===== SOURCE DATA =====
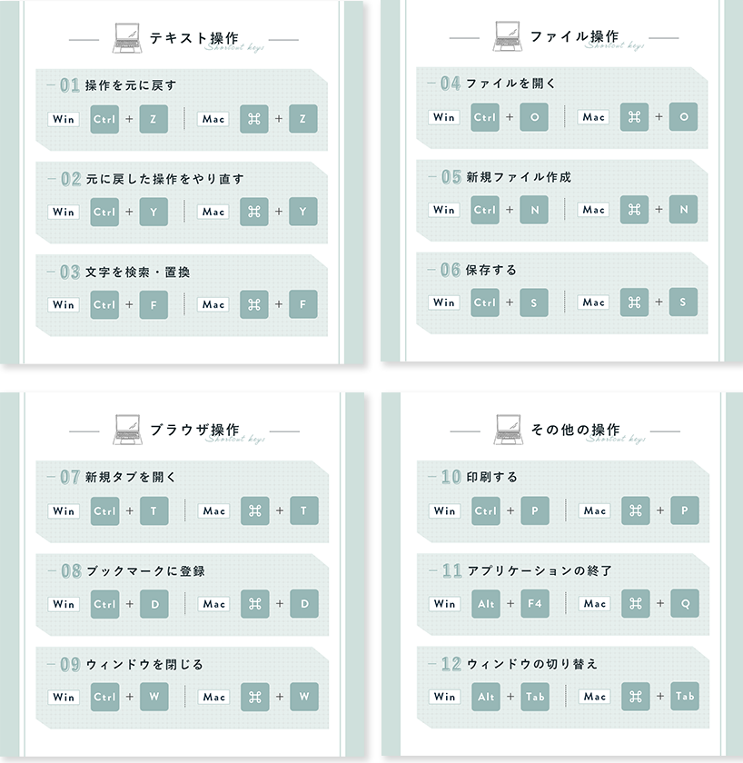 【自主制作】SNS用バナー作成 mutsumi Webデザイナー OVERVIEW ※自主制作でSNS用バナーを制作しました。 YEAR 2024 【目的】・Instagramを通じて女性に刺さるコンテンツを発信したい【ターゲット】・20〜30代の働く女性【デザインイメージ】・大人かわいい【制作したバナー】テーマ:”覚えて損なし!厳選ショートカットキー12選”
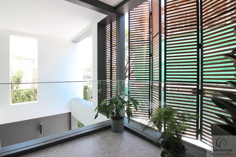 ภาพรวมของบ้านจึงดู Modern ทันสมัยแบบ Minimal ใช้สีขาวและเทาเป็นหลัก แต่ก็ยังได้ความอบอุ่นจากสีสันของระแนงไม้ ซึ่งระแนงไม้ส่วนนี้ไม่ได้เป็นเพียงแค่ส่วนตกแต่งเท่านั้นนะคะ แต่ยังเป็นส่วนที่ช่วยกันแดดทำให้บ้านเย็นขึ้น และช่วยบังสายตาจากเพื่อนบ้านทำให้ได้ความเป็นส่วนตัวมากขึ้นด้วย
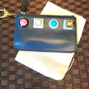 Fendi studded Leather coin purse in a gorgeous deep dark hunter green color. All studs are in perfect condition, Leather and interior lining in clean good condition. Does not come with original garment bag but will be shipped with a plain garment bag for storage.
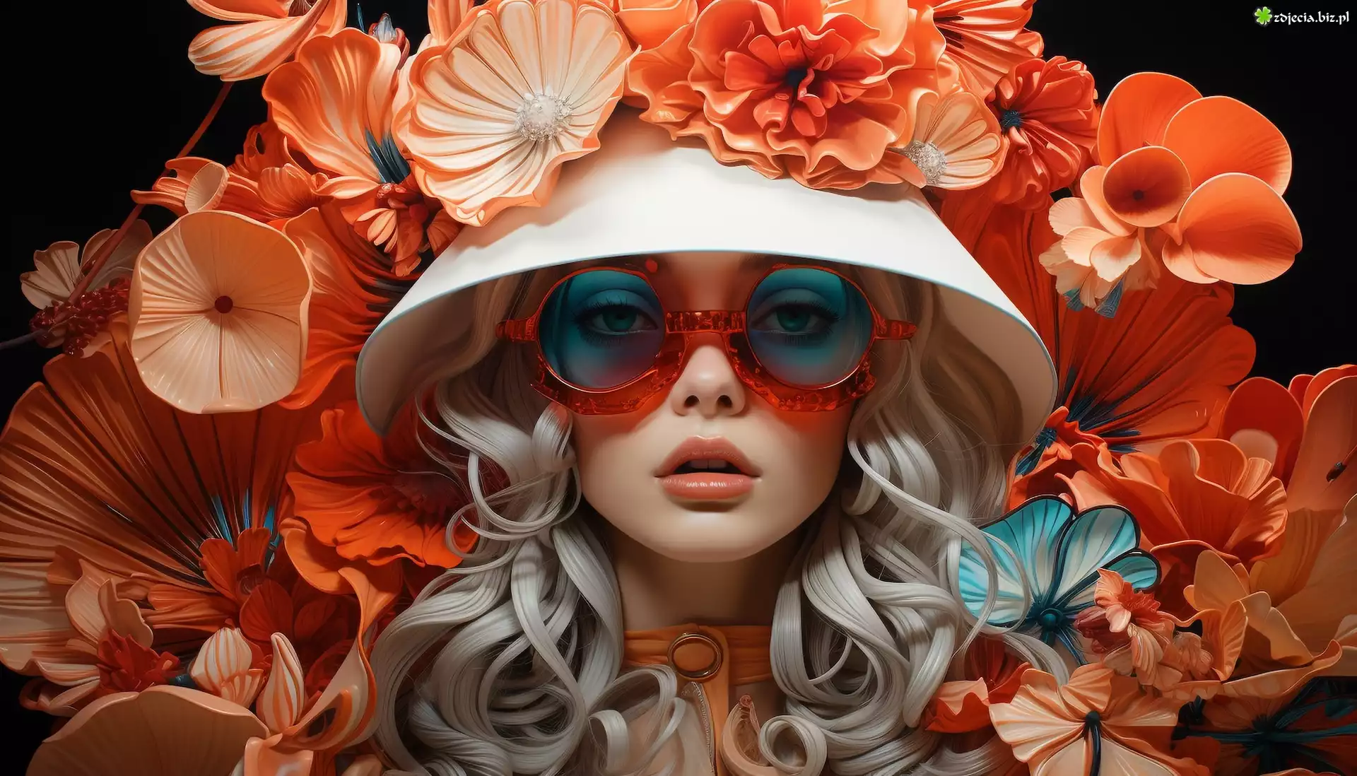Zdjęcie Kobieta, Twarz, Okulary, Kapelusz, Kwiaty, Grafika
=====
(WHAT THE TASK ASKS) Begin with the line that contains "ภาพรวมของบ้านจึงดู Modern ทันสมัยแบบ" and repeat every line through the end of the data, exactly and only those lines, leaving out the pictures.

(TASK ANSWER)
 ภาพรวมของบ้านจึงดู Modern ทันสมัยแบบ Minimal ใช้สีขาวและเทาเป็นหลัก แต่ก็ยังได้ความอบอุ่นจากสีสันของระแนงไม้ ซึ่งระแนงไม้ส่วนนี้ไม่ได้เป็นเพียงแค่ส่วนตกแต่งเท่านั้นนะคะ แต่ยังเป็นส่วนที่ช่วยกันแดดทำให้บ้านเย็นขึ้น และช่วยบังสายตาจากเพื่อนบ้านทำให้ได้ความเป็นส่วนตัวมากขึ้นด้วย
 Fendi studded Leather coin purse in a gorgeous deep dark hunter green color. All studs are in perfect condition, Leather and interior lining in clean good condition. Does not come with original garment bag but will be shipped with a plain garment bag for storage.
Zdjęcie Kobieta, Twarz, Okulary, Kapelusz, Kwiaty, Grafika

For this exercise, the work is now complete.